Flink streaming: Get top n of elements for each timewindow

Question

I have tuple (Float, String) of datastream which i would like to sort and pick three largest values for each timewindow (fixed). Windowing of datastream is by processing time and sorting in natural order.

Using Flink 1.0.1, below are my try outs

          val topTasks = new mutable.PriorityQueue[(Float, String)](Ordering.Tuple2.reverse) //Ex:(5250, "mytask")
          //Get stream and other operations ...
          val sortMetricStream = metricStream
                       .map { metrics =>
                         topTasks.enqueue(metrics._1, metrics._2)
                       }
                       .timeWindowAll(Time.seconds(10))
                       .reduce({ (topTasks.dequeue()._2, topTasks.dequeue()._2, topTasks.dequeue()._2)
                       })

and

    val sortMetricStream = metricStream
                       .timeWindowAll(Time.seconds(10))
                       .partitionByRange(0)
                       .sortPartition(0, Order.DESCENDING)

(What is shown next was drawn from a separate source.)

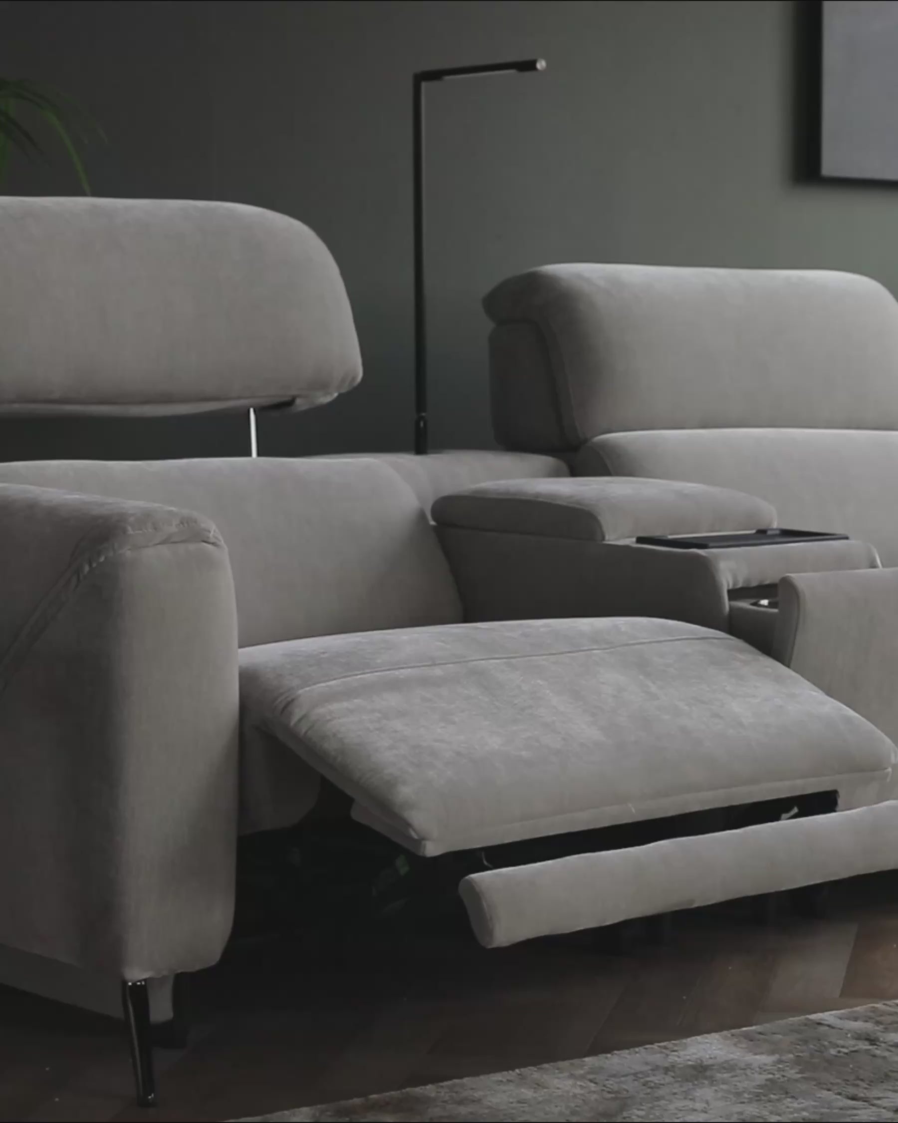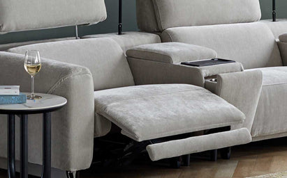 The Kenzie light grey fabric recliner 3 seater sofa brings cinema-level comfort straight to your living room. With powered headrests and footrests that adjust to your perfect position, this contemporary sofa makes movie nights and lazy Sundays even better. Its modular design means you can add a matching recliner chair with built-in side table, complete with cup holder, wireless charging and LED lighting.

in either one sortMetricStream does not give me expected tasks name.

Any help on this would be greatly appreciated.

Answer 1

Use apply(...) instead of reduce(...) (see https://ci.apache.org/projects/flink/flink-docs-release-1.1/apis/streaming/index.html#datastream-transformations)

By using the iterator of WindowFunction#apply() you can buffer all records of the window internally (for example in a list), then sort (the list), and finally emit your result. You can call Collector#collect() zero, one, or multiples times.